Чтение в темноте - [3]
Это была новая болезнь. Мне нравились названия других: скарлатина, дифтерия, малярия; как итальянские футболисты, или певицы, или наездницы. У каждой болезни был собственный запах, у дифтерии особенно: пропитанные дезинфекцией простыни на двери спальни выдували едкую вонь на холодящем лодыжки лестничном сквозняке. В сменившей дифтерию свинке не было ничего страшного; оно и понятно: смешное названье, и лица у всех распухали, как после грандиозной драки. А это была новая болезнь. Менингит. Слово такое не сразу возьмешь губами. Колется и горчит. Я так и чувствую, его выговаривая, как расширяются, расширяются глаза Уны, делаются светлей, будто накачанные из ее мозга гелием. И будто лопнут вот-вот, если только не смогут выбросить эту гелиевую, чистую муку.
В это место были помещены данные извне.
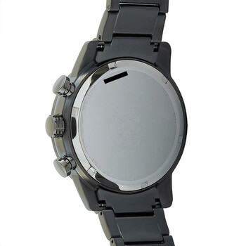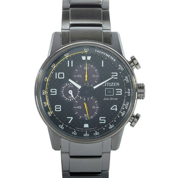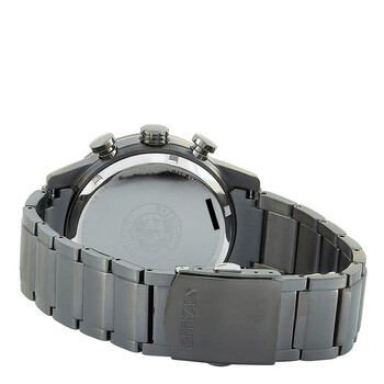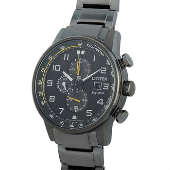 Grey ion-plated stainless steel case and bracelet. Fixed grey ion-plated bezel. Black dial with luminous black hands and Arabic numeral hour markers. Minute markers. Tachymeter markings around the outer rim. Dial Type: Analog. Luminescent hands and markers. Date display at the 3 o'clock position. Chronograph - three sub-dials displaying: 60 second, 60 minute and 24 hour. Citizen caliber Eco-Drive B612 quartz movement. Scratch resistant mineral crystal. Solid case back. Round case shape, Case size: 45 mm. Case thickness: 12 mm. Band width: 22 mm. Deployment clasp with a push button release. Water resistant at 100 meters / 330 feet. Functions: chronograph, tachymeter, date, hour, minute, second, solar-powered. Primo Series. Sport watch style. Watch label: Japan Movt. Citizen Primo Chronograph Quartz Black Dial Men's Watch CA0687-58E.

Они уже были на лестнице. Все ноги туда двинулись. Мамины братья тоже пришли. Я узнал коричневые ботинки дяди Мэньюса: набойки сбились, он загребал ногами. У Дэна с Томом были одинаковые сапоги, грубые, облепленные цементом и грязью, оба пришли с Креггана, со стройки. У Дэна, правда, грязней, Том был десятник. Но все равно сапоги у обоих плохие. Дэн налег коленом на стул. Носки — в олифе. Наверно, выпачкался на лесах. Макал в олифу отвес. Он как-то меня попросил нашарить отвес в ведре, я нашарил и выудил, и олифа жирно стекала с плеча по черной руке и волнилась на запястье. Я сыпал, сыпал на олифу опилки, ввинчивал руку в раструб со светлыми отрубями, и они потемнели, и Дэн тогда мне велел отмывать руку.
Но больше я смотрел на мамины и папины ноги. Она была на низких, стоптанных каблуках, ноги всегда отекали, я даже отсюда видел, как края туфель врезались и под этим углом скрывались в лодыжках. Суета нагнеталась, мамины ноги исчезли в прихожей вслед за носилками, она захлебывалась слезами и кашлем, и папины башмаки переступали за ней, огромные, с обхватывающими задник шнурками. И все ушли, и стало в комнате пусто.
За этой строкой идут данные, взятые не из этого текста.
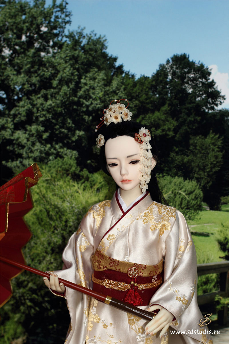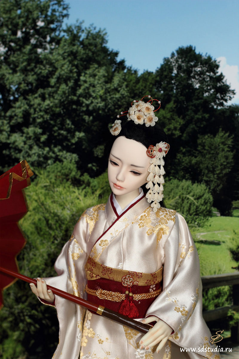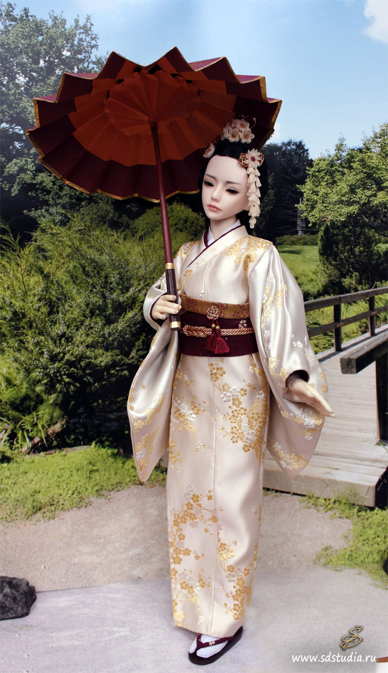 Подбор цветовой гаммы я основывала на контрасте нежных и бледных оттенков с агрессивным бордовым. Классическое японское кимоно для куклы технически шить довольно просто, оно все состоит из прямоугольников. Поэтому основой яркого впечатления является подбор рисунков и оттенков. Мне пришлось пересмотреть множество источников и фотографий, прежде чем создать этот костюм. Чем интересна работа с костюмами? Если не можешь найти подходящий материал - приходится что-то придумывать и постоянно учиться чему-то новому. В этот раз я научилась делать цветочки-канзаши диаметром 1см и расписывать ткань красками.

Дымок передернул шкурой и заскулил, когда я его оттолкнул. Было холодно, все двери настежь, и меркнул осенний день. Уна умрет в больнице. Пятилетняя, младше меня. Я пытался представить ее не здесь, в другом месте. Конечно, она попадет на небо. Интересно, будет она по нас скучать? И что там делать, на небе, кроме как улыбаться? У нее была такая замечательная улыбка.
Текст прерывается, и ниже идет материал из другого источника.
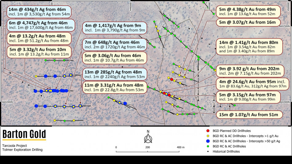 ADELAIDE, AUSTRALIA / ACCESS Newswire / August 24, 2025 / Barton Gold Holdings Limited (ASX:BGD)(FRA:BGD3)(OTCQB:BGDFF) (Barton or Company) is pleased to confirm the completion of diamond drilling (DD) at the high-grade Tolmer gold and silver prospect, located at the Company's South Australian Tarcoola Gold Project (Tarcoola). Three holes totalling 595.3 metres drilling were completed in the 'eastern gold zone' to identify structural controls and guide future targeting.

Все вернулись. Почти не разговаривали. Папа стоял у стола. От его спецовки пахло молом, веяло горизонтами, где превращаются в точку и скрываются корабли. Каждый день он уходил на работу, помощником электрика на британской морской базе, а для меня — уходил за бугор, как у нас говорили про тех, кто уезжал за границу, и каждый день, когда он возвращался, я радовался, что он передумал. Том заталкивал ватерпас в недра кармана американских рабочих штанов. На что теперь будет пялиться острый глазок? Сожмурится в деревяшке, отстав от кружка, где его законное место? И будет кружок зиять — большой и пустой. Дэн поднял упавший со стула плащ. Пальцы — в красных пятнах. Аллергия на гипс, а он каждый день возился с гипсом на стройке. Через месяц эти руки, сплошь в волдырях и язвах, останутся без работы. Но Уны давно уже не будет на свете.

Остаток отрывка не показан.